As one of the essential components of human disturbances, farmland is usually considered an important pollution source that degrades water quality (Filik Iscen et al. 2008). Numerous studies have shown significant relationships between the percentages of agricultural or unban land cover and nutrient concentrations in streams and rivers. Lenat and Crawford (1994) found that agricultural lands worsened water quality and produced the highest nutrient concentrations compared with forested and urban lands in the Piedmont region of North Carolina. Mouri et al. (2011) observed that the urban land type, together with the effects of increased population, domestic water use, and industrial wastewater, was positively associated with increases in water pollution. Similarly, Tu (2011) found stronger positive relationships between the percentage of commercial land and the concentration of water pollutants based on the geographically spatial data analysis technique. In our study, the proportions of farmland cover were negatively correlated with nutrient related parameters (NO 3 -N and TN) and positively correlated with oxygen-related parameters (DO and ORP). The dilution effect played a major role for the sampling sites located at the confluence of two tributaries, and abundant discharge reduced the concentration of N-related parameters in the mean/high-flow periods. Although a negative correlation between percentages of agricultural land cover and concentrations of nutrients in the streams was found in the mean- or high-flow periods, a more detailed investigation would help clarify the relationships. The results also indicate that the pollution source mainly comes from agricultural runoff and less mining industrial effluents.

Conclusions

In the present study, 12 sampling sites in the upper reach of the Hun River were classified into four groups (Group I: natural, Group II: near-natural, Group III: more disturbed, and Group IV: seriously disturbed) based on the results of CA and LUS scores. The major parameters (conductivity, turbidity, TN, TP, NO 3 -N, and NH +4 -N) tend to increase significantly from Group I to Group IV, and from upstream to downstream. With the increased intensity of anthropogenic disturbances, the concentrations of nutrient-related parameters (TN, NO 3 -N, and NH +4 -N) increased from Group I to Group IV. Conductivity, turbidity, and NO 3 -N were identified as the most sensitive parameters in different rainfall periods and only NO 3 -N was always the key parameter in determining the water quality variations for all year. These parameters make it convenient for local authorities to monitor and assess water quality variations quickly through a few simple parameters.
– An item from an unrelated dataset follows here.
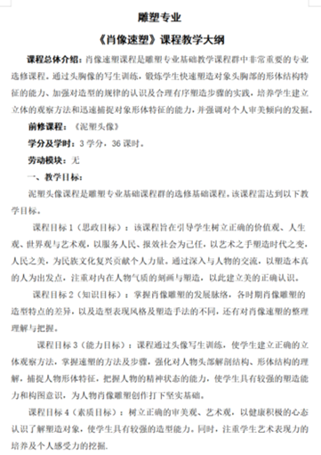 肖像速塑课程是雕塑专业基础教学课程群中非常重要的专业选修课程。是大一雕塑专业第一学年重要的专业动手课程。课程3学分,36课时,大致三周共6个全天。通过头胸像的写生训练,锻炼学生快速塑造对象头胸部的形体结构特征的能力、加强对造型的规律的认识及合理有序塑造步骤的实践,培养学生建立立体的观察方法和迅速捕捉对象形体特征的能力,并强调对个人审美倾向的发掘。

The results of this study provide insight into the associations between the surface water quality and land use types at the local scale in the upper reach of the Hun River. Forest played an important role in maintaining clean water, whereas farmland deteriorated the surface water quality due to non-point agricultural pollutants in the low-flow period. The results of the study show that it is fundamental to preserve sufficient forest land area and to control agriculture to maintain good water quality in the upper reach of the Hun River. Finally, sustainable land use practices and scientific environmental regulations are required for water conservation and management in the upper reach of the Hun River.